Platinum Metals Rev., 1985, 29, (3), 118
The Use of Platinum Chemotherapy to Potentiate Radiotherapy
Preclinical Results Encourage Clinical Trials
During the past decade the parent complex cis -dichlorodiammineplatinum(II) [cis -DDP or Cisplatin] has become an important clinical chemotherapeutic agent for treating a variety of cancers. Clinical testing of second generation platinum complexes has also been encouraging. At the same time, results of pre-clinical studies have suggested an additional role for cis -DDP; potentiation of the cell killing effects of radiation therapy producing more cell killing than expected on the basis of the two agents acting in an additive fashion. Furthermore, there is reason to believe that the second generation platinum complexes such as diammine(1,1-cyclobutanedicarboxylato)platinum(II) [JM8 or Carboplatin] and cis -dichloro-trans -dihydroxo-cis -bis(isopropylamine)platinum(IV) [JM9 or Iproplatin] might be more effective radiation potentiators. It may be beneficial to consider a dual role for platinum complexes; tumouricidal activity and selective radiation sensitisation. A rationale based on results of pre-clinical studies has encouraged the design of clinical trials now underway to investigate this potential.

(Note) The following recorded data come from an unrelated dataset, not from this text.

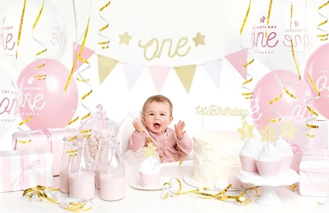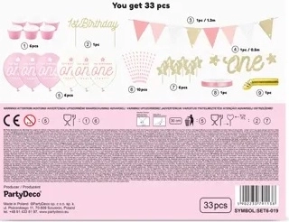 - Banner «One» (1 τεμ.), χάρτινη γιρλάντα (1 τεμ.), διακοσμητικά για μάφιν (6 τεμ.), θηκάκια για μάφιν ανοιχτό ροζ (6 τεμ.), topper για τούρτα (1 τεμ.), καλαμάκια (10 τεμ.), μπαλόνια μικτή ποικιλία σχεδίων (6 τεμ.), χρυσές σερπαντίνες (1 τεμ.), σατέν κορδέλα ανοιχτό ροζ 6 mm (1 τεμ.)
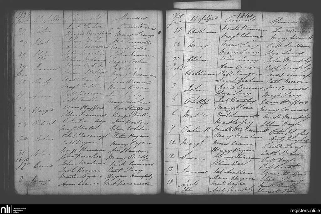 Castlebridge; County of Wexford; Diocese of Ferns. Baptisms, Nov. 1839 to Feb. 1840
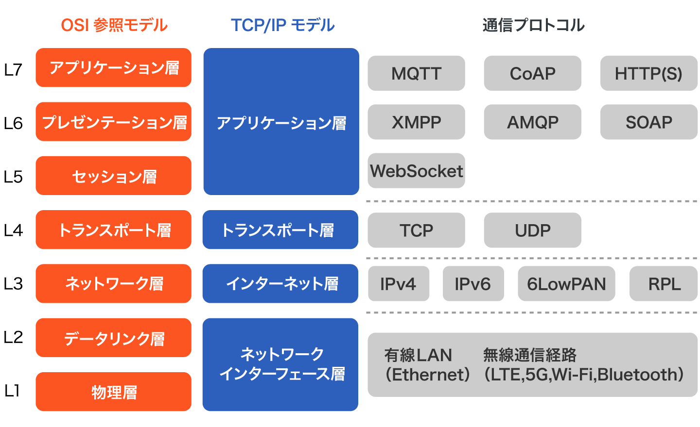 IoTに限らず通信プロトコルは「OSI参照モデル」「TCP/IPモデル」の階層構造によって分類されています。
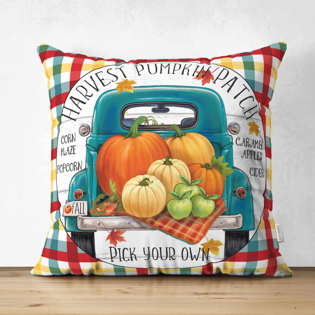 Renkli Ekose Özel Tasarım Kabak Motifli Modern Süet Yastık Kırlent Kılıfı
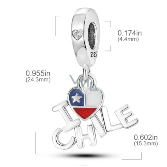 Charm Sterlingové stříbro 925 Chilská vlajka srdce - Miluji Chille - I Love Chile, 2v1 přívěsek na náramek cestování
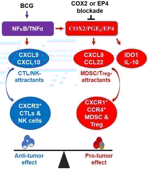 Tumor-infiltrating immune cells involve immunostimulatory and suppressive populations, with respective antitumor and tumor-promoting functions [20]. Infiltrating CD8+ cytotoxic T cells (CTLs) predict improved survival in bladder cancer and other tumors [21,22,23]. In addition, intratumoral CTLs are critically important for the clinical activity of immune checkpoint inhibition (ICI) blockers, such as PD-1, PD-L1, or CTLA-4 blocking antibodies [24,25,26]. In contrast, the preferential accumulation of regulatory T cells (Tregs) and myeloid-derived suppressor cells (MDSCs) predicts poor survival [27,28]. CTLs and suppressive cells are attracted to tumor tissues by different chemokines: Th1/NKs/CTLs-attracting chemokines include CCL5 (regulated upon activation, normal T cell expressed, and secreted; RANTES), CXCL9 (monokine induced by gamma interferon; MIG) and CXCL10 (Interferon gamma-induced protein 10; IP10), while neutrophils, MDSCs, and Tregs are attracted by, respectively, CXCL8 (interleukin 8; IL-8), CXCL12 (stromal-derived factor-1; SDF1) and CCL22 (myeloid-derived chemokine; MDC) [29,30,31,32]. Our own studies demonstrated that the balance between the production of CTL- versus Treg/MDSC attracting chemokines induced by poly-IC in colon and ovarian cancer tissues is affected by the key ubiquitous regulator and inflammatory mediator, PGE2 and the key enzyme controlling its production, COX2 [33,34]. This raises the possibility that the levels of PGE2 production and/or signaling at baseline or in response to BCG exposure may affect the balance between tumor-promoting and anti-tumor subsets of effector cells in the TME.

Importance of Radiosensitisation
Radiation therapy is known to be less effective when cells are deficient in oxygen (hypoxic or anoxic). Radiation induced cell killing (inhibition of mitotic activity) results in a steeper killing curve if oxygen is present, as illustrated in Figure 1. The cell killing factors (D0 values, the inverses of the slopes of the exponential regions of the survival curves) for the aerated and anoxic curves differ by approximately 3.0, and this enhancement due to the presence of oxygen is called the oxygen enhancement ratio (OER). Tumours are expected to contain a significant population of viable hypoxic cells, since oxygen is consumed before it penetrates distances greater than about 100 microns from blood vessels, as illustrated in Figure 2.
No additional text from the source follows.